Renaudel déclara que ses amis ne pouvaient approuver une aventure dans laquelle le destin de la France était mis en jeu. Le besoin de mettre plus de distance entre soi et le gouvernement est un nouveau fait provoqué par une « pression » devant être significative si elle mettait en branle des gens comme Renaudel. Donc la majorité des socialistes refusa sa confiance au gouvernement où siégeaient Guesde, Sembat et Thomas. Croyez-vous que ces ministres donnèrent leur démission ? Pensez donc ! Ils restèrent comme le Parti sur le terrain de « l’Union nationale » et de « la lutte jusqu’au bout ». Comme l’expliqua un journal radical, la présence des défenseurs du prolétariat est indispensable au sein du pouvoir. Si Renaudel s’y était trouvé, il aurait, lui aussi, fait repousser la motion socialiste. Si Sembat s’était trouvé sur les bancs de gauche, il aurait refusé sa confiance ! Tout ceci n’est pas une contradiction de principe, simplement la division du travail dans l’usine « de l’Union nationale ». Cette division n’est pas volontaire et elle comporte son affreuse logique. Quelques députés socialistes ont voté contre le gouvernement auquel participaient Sembat, etc. Ils n’avaient aucun terrain solide de principe sous leurs pieds, mais ils portèrent néanmoins un coup impitoyable à la position officielle qui datait du 4 Août. Leur action exige une nouvelle prise de position. La vague dont la pression a fait agir le Parti ne faiblira pas ! Au contraire ! Elle se fortifiera chaque jour ! Elle roulera au-dessus de la tête de Renaudel et emportera sur sa crête d’autres personnes.
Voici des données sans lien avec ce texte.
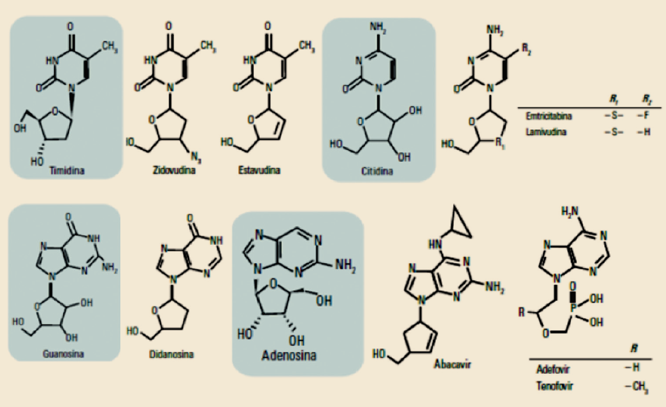 Fue el primer grupo de fármacos anti-VIH. Las primeras moléculas que surgieron son análogos de los nucleótidos naturales, capaces de impedir la síntesis de ADN viral a partir de la cadena de ARN infectante. Actúan como finalizadores de la síntesis de la cadena, pues la enzima viral transcriptasa inversa los incorpora como eslabones en la cadena del ADN en formación y son terminadores del proceso, ya que es incapaz de unir posteriormente el siguiente eslabón nucleotídico. De esa forma, el ADN viral no se incorpora a la dotación genética de la célula infectada. Estos ITIAN precisan transformarse en sus derivados fosforilados en el interior celular para ejercer su acción, y su efecto farmacológico se produce únicamente cuando la célula se encuentra en fase de replicación, siendo ineficaces frente a los virus en células en fase de reposo (Figura 7). La zidovudina fue el primer fármaco anti-VIH (comercializado en 1987), sobre el que hay una mayor experiencia clínica, y aún se considera como base importante del tratamiento.

1 Ceci démontre, d’un autre côté, que les Allemands n’ont aucune chance de percer le front, que ce soit vers Calais ou Paris.

2 Une quinzaine des prétoriens socialistes votèrent pour la confiance. Ce nombre comprenait, évidemment, Sembat, Guesde, Thomas et quelques guesdistes connus, tels que Bracke, etc. De cette façon, la fraction socialiste se coupa en trois tronçons.